====== Data records

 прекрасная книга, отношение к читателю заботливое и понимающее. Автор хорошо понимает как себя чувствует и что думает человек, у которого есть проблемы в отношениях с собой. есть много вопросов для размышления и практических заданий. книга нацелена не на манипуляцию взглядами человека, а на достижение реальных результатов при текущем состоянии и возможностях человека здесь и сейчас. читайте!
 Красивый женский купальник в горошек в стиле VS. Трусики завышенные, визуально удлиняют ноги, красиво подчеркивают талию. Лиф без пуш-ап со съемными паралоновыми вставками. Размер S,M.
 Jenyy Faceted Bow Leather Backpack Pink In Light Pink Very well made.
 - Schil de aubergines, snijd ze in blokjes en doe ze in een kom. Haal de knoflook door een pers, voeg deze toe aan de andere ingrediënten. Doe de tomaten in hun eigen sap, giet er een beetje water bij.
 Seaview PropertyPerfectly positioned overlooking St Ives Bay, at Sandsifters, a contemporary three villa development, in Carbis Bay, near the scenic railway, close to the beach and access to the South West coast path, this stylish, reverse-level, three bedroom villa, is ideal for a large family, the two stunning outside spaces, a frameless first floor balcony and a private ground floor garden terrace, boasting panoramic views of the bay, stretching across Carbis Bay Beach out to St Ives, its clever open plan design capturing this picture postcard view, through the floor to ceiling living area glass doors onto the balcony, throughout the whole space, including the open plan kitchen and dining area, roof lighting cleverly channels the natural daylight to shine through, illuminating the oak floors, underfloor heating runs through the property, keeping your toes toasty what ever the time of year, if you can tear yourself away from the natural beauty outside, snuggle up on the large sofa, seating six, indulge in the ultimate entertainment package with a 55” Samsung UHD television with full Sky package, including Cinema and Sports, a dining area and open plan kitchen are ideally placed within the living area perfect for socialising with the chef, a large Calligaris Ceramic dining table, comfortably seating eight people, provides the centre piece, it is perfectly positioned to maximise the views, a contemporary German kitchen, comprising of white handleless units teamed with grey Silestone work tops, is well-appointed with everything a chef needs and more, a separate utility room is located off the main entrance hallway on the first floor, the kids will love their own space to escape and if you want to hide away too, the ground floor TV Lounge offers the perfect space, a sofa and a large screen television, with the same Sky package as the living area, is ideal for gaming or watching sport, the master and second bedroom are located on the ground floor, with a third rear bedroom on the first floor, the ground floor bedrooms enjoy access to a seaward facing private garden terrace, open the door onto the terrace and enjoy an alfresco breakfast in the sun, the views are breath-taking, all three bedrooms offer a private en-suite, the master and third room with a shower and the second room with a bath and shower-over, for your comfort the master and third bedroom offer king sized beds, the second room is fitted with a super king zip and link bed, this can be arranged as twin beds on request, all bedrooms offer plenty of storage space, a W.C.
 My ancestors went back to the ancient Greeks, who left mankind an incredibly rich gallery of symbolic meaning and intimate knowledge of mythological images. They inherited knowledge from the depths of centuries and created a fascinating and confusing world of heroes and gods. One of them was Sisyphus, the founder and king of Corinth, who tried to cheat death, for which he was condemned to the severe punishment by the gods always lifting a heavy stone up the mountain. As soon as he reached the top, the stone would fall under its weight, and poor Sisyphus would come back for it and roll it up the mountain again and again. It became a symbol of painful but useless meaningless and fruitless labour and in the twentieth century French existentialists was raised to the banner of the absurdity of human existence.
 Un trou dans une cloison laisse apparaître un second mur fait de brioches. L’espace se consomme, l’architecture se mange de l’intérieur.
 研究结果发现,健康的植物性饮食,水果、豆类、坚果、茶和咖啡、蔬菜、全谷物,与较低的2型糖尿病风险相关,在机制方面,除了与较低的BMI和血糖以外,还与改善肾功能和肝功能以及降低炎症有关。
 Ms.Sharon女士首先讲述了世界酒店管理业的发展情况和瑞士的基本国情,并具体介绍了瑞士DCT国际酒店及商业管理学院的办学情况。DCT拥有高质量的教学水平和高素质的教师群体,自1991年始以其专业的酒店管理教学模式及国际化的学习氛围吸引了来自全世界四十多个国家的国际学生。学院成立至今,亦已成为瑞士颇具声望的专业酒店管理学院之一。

============

What the task requires: The answer should consist of all the lines above, retyped exactly.

Final answer:
 прекрасная книга, отношение к читателю заботливое и понимающее. Автор хорошо понимает как себя чувствует и что думает человек, у которого есть проблемы в отношениях с собой. есть много вопросов для размышления и практических заданий. книга нацелена не на манипуляцию взглядами человека, а на достижение реальных результатов при текущем состоянии и возможностях человека здесь и сейчас. читайте!
 Красивый женский купальник в горошек в стиле VS. Трусики завышенные, визуально удлиняют ноги, красиво подчеркивают талию. Лиф без пуш-ап со съемными паралоновыми вставками. Размер S,M.
 Jenyy Faceted Bow Leather Backpack Pink In Light Pink Very well made.
 - Schil de aubergines, snijd ze in blokjes en doe ze in een kom. Haal de knoflook door een pers, voeg deze toe aan de andere ingrediënten. Doe de tomaten in hun eigen sap, giet er een beetje water bij.
 Seaview PropertyPerfectly positioned overlooking St Ives Bay, at Sandsifters, a contemporary three villa development, in Carbis Bay, near the scenic railway, close to the beach and access to the South West coast path, this stylish, reverse-level, three bedroom villa, is ideal for a large family, the two stunning outside spaces, a frameless first floor balcony and a private ground floor garden terrace, boasting panoramic views of the bay, stretching across Carbis Bay Beach out to St Ives, its clever open plan design capturing this picture postcard view, through the floor to ceiling living area glass doors onto the balcony, throughout the whole space, including the open plan kitchen and dining area, roof lighting cleverly channels the natural daylight to shine through, illuminating the oak floors, underfloor heating runs through the property, keeping your toes toasty what ever the time of year, if you can tear yourself away from the natural beauty outside, snuggle up on the large sofa, seating six, indulge in the ultimate entertainment package with a 55” Samsung UHD television with full Sky package, including Cinema and Sports, a dining area and open plan kitchen are ideally placed within the living area perfect for socialising with the chef, a large Calligaris Ceramic dining table, comfortably seating eight people, provides the centre piece, it is perfectly positioned to maximise the views, a contemporary German kitchen, comprising of white handleless units teamed with grey Silestone work tops, is well-appointed with everything a chef needs and more, a separate utility room is located off the main entrance hallway on the first floor, the kids will love their own space to escape and if you want to hide away too, the ground floor TV Lounge offers the perfect space, a sofa and a large screen television, with the same Sky package as the living area, is ideal for gaming or watching sport, the master and second bedroom are located on the ground floor, with a third rear bedroom on the first floor, the ground floor bedrooms enjoy access to a seaward facing private garden terrace, open the door onto the terrace and enjoy an alfresco breakfast in the sun, the views are breath-taking, all three bedrooms offer a private en-suite, the master and third room with a shower and the second room with a bath and shower-over, for your comfort the master and third bedroom offer king sized beds, the second room is fitted with a super king zip and link bed, this can be arranged as twin beds on request, all bedrooms offer plenty of storage space, a W.C.
 My ancestors went back to the ancient Greeks, who left mankind an incredibly rich gallery of symbolic meaning and intimate knowledge of mythological images. They inherited knowledge from the depths of centuries and created a fascinating and confusing world of heroes and gods. One of them was Sisyphus, the founder and king of Corinth, who tried to cheat death, for which he was condemned to the severe punishment by the gods always lifting a heavy stone up the mountain. As soon as he reached the top, the stone would fall under its weight, and poor Sisyphus would come back for it and roll it up the mountain again and again. It became a symbol of painful but useless meaningless and fruitless labour and in the twentieth century French existentialists was raised to the banner of the absurdity of human existence.
 Un trou dans une cloison laisse apparaître un second mur fait de brioches. L’espace se consomme, l’architecture se mange de l’intérieur.
 研究结果发现,健康的植物性饮食,水果、豆类、坚果、茶和咖啡、蔬菜、全谷物,与较低的2型糖尿病风险相关,在机制方面,除了与较低的BMI和血糖以外,还与改善肾功能和肝功能以及降低炎症有关。
 Ms.Sharon女士首先讲述了世界酒店管理业的发展情况和瑞士的基本国情,并具体介绍了瑞士DCT国际酒店及商业管理学院的办学情况。DCT拥有高质量的教学水平和高素质的教师群体,自1991年始以其专业的酒店管理教学模式及国际化的学习氛围吸引了来自全世界四十多个国家的国际学生。学院成立至今,亦已成为瑞士颇具声望的专业酒店管理学院之一。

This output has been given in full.